Over the last decades whole-genome sequencing (WGS) has become the ultimate approach to study the dissemination of many bacterial pathogens 37 WGS has been extremely useful in the case of A. baumannii, where the very dynamic nature of its genome renders multilocus sequence typing (MLST) faulty 8 WGS has been used to study the spread of clones of A. baumannii at national and even at continental levels 9,10. However, unlike other important bacterial pathogens, WGS has hardly been used to analyse clone diversity within hospital settings. Actually, very little is known about whether one or several different lineages are the cause for the MDR infections found in hospital settings, not least in Latin America. Nonetheless, a recent study has suggested that different lineages could be co-circulating in the National Institute of Oncology in Mexico City 9.

When using WGS for epidemiological investigations, the most common approach is to use core Single Nucleotide Polymorphisms (SNPs) phylogenies or SNPs differences between isolates. This approach has resulted effective in most cases. However, considering very short periods of time, there are instances where hardly any SNPs have had accrued between strains, not least in the core genome. For instance, in a recent study 11 that analysed 24 A. baumannii strains collected from the blood of a single patient (over a period of 6 months) some strains (sampled during the same month) were identical as per core SNPs. However, a few years ago, in a population genomics study we showed that acquisition and depletion of genes occurs way faster than the accumulation of mutations in A. baumannii 12. Therefore, this gene content variability can be very valuable for studying the evolutionary relationships of isolates at very short periods of time.

The goal of our study was to used WGS, along with epidemiological data and antimicrobial susceptibility testing, to analyse the diversity of clones (and their antimicrobial resistance patterns) in a hospital sampled for a decade. To that end, we carried out a genomic epidemiology study to characterize the lineages of A. baumannii in a tertiary, teaching hospital in Guadalajara (Hospital Civil de Guadalajara [HCG]), Mexico. Notably, besides the core genome, we also used the accessory genome to establish the dissemination of lineages across different wards.

RESULTS

Extensive and multidrug drug resistant lineages from International Clone 2

We sequenced 73 isolates of A. baumannii sampled between 2007 and 2017 from the HCG (see methods and Supplementary Table 1). The HCG is a tertiary, teaching hospital in Guadalajara, Jalisco (Western Mexico), and it has 899 beds. All these isolates belonged to the pulse-type 22, which in previous studies 13,14 was the most prevalent clone in this hospital. We used the genome sequences to conduct Sequence Type (ST) assignation, considering the Oxford MLST scheme 15. These isolates belonged to just four STs (see Figure 1). ST417 was the most frequent with 38 isolates, followed by ST208 having 23 isolates; whereas ST136 and ST369 had 7 and 5 isolates, respectively. Of note, all these STs are part of the international clone 2 (IC2). We conducted antimicrobial susceptibility tests on the isolates (see methods).

Figure 1
Figure 1 Antibiotic resistance patterns of the 73 A. baumannii isolates from the HCG.
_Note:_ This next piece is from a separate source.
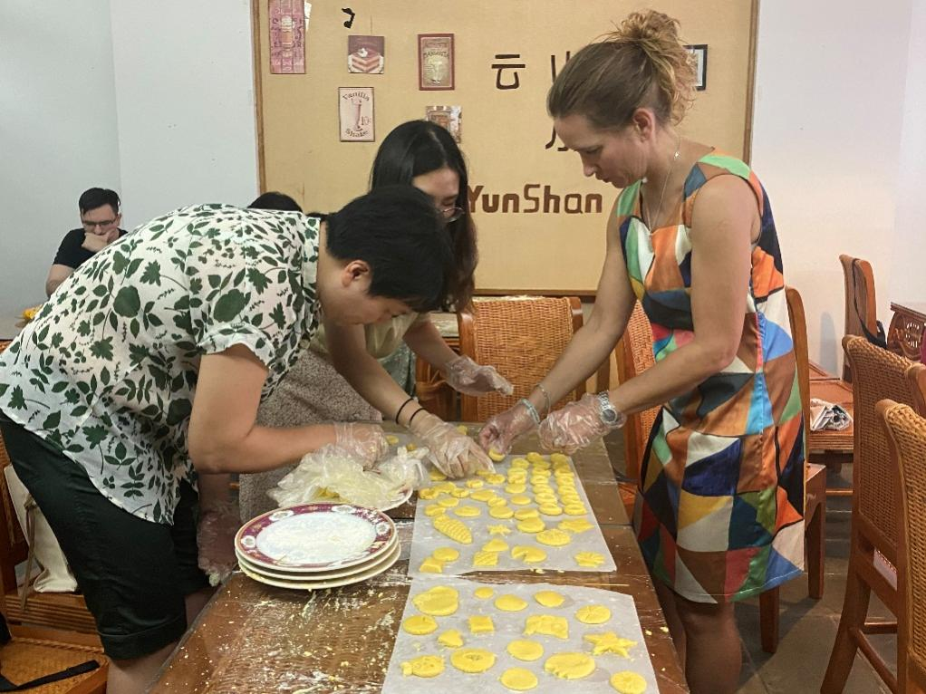 浓情中秋月,献礼教师节。2022年9月8日下午,西语学院组织教师们在图书馆负一层云山小站开展了庆祝教师节、中秋节团建活动。50余名西语学院教师,包括7名外教,参与了此次活动。大家一起品尝咖啡,亲自动手制作曲奇,在欢声笑语中庆祝即将到来的教师节与中秋节。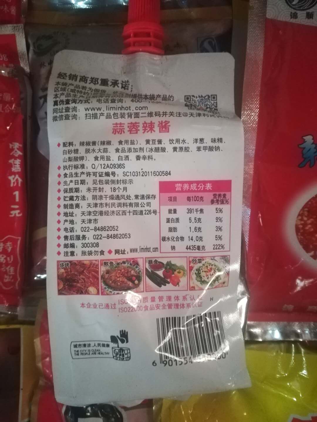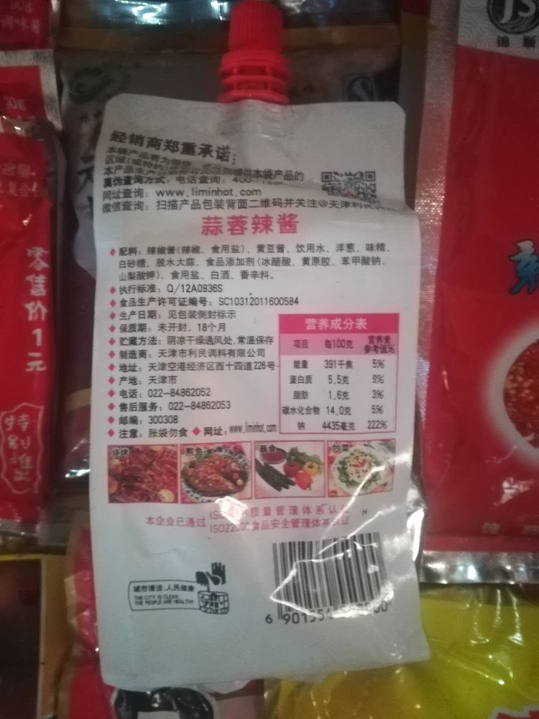 Tianjin Limin Garlic Chili Sauce 450g Family Pack BBQ Hot Pot Dipping Sauce Baked Cold Noodles Mixed Noodles Dipping Sauce

Different drug classes were tested and the actual MICs for each isolate, and each drug, are provided in supplementary table 2. For each isolate we also provide the ward from which it was sampled. The ST assignation for the isolates is at top. Re the strain names, the numbers after the “HCG” initials give the month (first two digits) and the year (third and fourth digits) of sampling. For instance, Ab-HCG0216-65 was sampled in February 2016.

Supplementary Table 2 gives the minimum inhibitory concentration (MIC) values for each isolate and each drug tested. Remarkably, all the isolates were resistant to many antibiotics (see Figure 1). We found some variation across the different STs. While ST136 and ST208 had less resistance, ST369 and ST417 had more resistance. All but one of the ST369 isolates were resistant to all the antibiotics tested; whereas for the ST417 isolates also all but one were resistant to all the antibiotics tested. Most of the isolates, irrespective of their ST assignation, were extensively drug-resistant (XDR) (resistant to at least one agent in all but two or fewer antimicrobial categories). There were a few isolates that were MDR isolates within ST208. These results suggest that these isolates, regardless of which ST they belong to, are either MDR or XDR. We cannot say that there are pan-drug resistant (PDR) isolates (resistant to all agents in all antimicrobial categories) since we did not test all the antibiotics. However, we are safe to say that the vast majority of the isolates are extensive drug-resistant and very likely some of these may be PDR. Taken together, these results show that different MDR and XDR lineages (STs), all assigned to IC2, were found in the hospital.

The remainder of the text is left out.